> _Given data_
· · · · ·
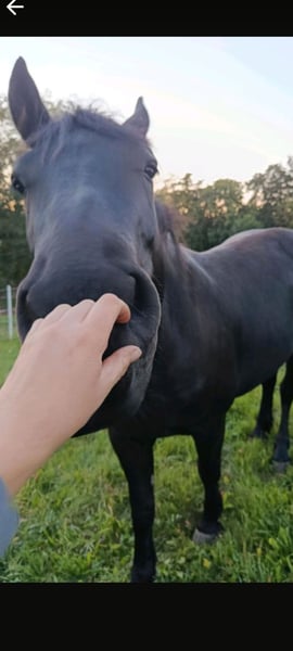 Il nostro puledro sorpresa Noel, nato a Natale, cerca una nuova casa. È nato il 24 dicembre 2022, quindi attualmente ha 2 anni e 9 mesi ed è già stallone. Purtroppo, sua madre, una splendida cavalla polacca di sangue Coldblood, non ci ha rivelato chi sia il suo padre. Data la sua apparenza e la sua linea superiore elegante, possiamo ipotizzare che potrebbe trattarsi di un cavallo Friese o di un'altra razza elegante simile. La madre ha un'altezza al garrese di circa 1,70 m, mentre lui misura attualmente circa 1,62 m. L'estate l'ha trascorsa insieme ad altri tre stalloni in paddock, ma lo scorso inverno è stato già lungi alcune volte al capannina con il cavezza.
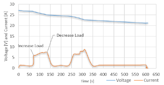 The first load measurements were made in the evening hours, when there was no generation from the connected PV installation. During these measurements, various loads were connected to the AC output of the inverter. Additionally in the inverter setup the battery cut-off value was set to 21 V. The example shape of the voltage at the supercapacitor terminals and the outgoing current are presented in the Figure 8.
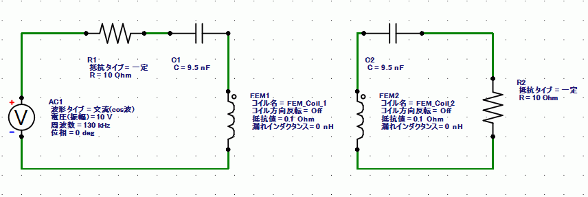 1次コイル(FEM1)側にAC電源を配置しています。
· · · · ·
> _Work to complete_
Reproduce the whole listing above word for word, but not its pictures.

> _Finished exercise_
 Il nostro puledro sorpresa Noel, nato a Natale, cerca una nuova casa. È nato il 24 dicembre 2022, quindi attualmente ha 2 anni e 9 mesi ed è già stallone. Purtroppo, sua madre, una splendida cavalla polacca di sangue Coldblood, non ci ha rivelato chi sia il suo padre. Data la sua apparenza e la sua linea superiore elegante, possiamo ipotizzare che potrebbe trattarsi di un cavallo Friese o di un'altra razza elegante simile. La madre ha un'altezza al garrese di circa 1,70 m, mentre lui misura attualmente circa 1,62 m. L'estate l'ha trascorsa insieme ad altri tre stalloni in paddock, ma lo scorso inverno è stato già lungi alcune volte al capannina con il cavezza.
 The first load measurements were made in the evening hours, when there was no generation from the connected PV installation. During these measurements, various loads were connected to the AC output of the inverter. Additionally in the inverter setup the battery cut-off value was set to 21 V. The example shape of the voltage at the supercapacitor terminals and the outgoing current are presented in the Figure 8.
 1次コイル(FEM1)側にAC電源を配置しています。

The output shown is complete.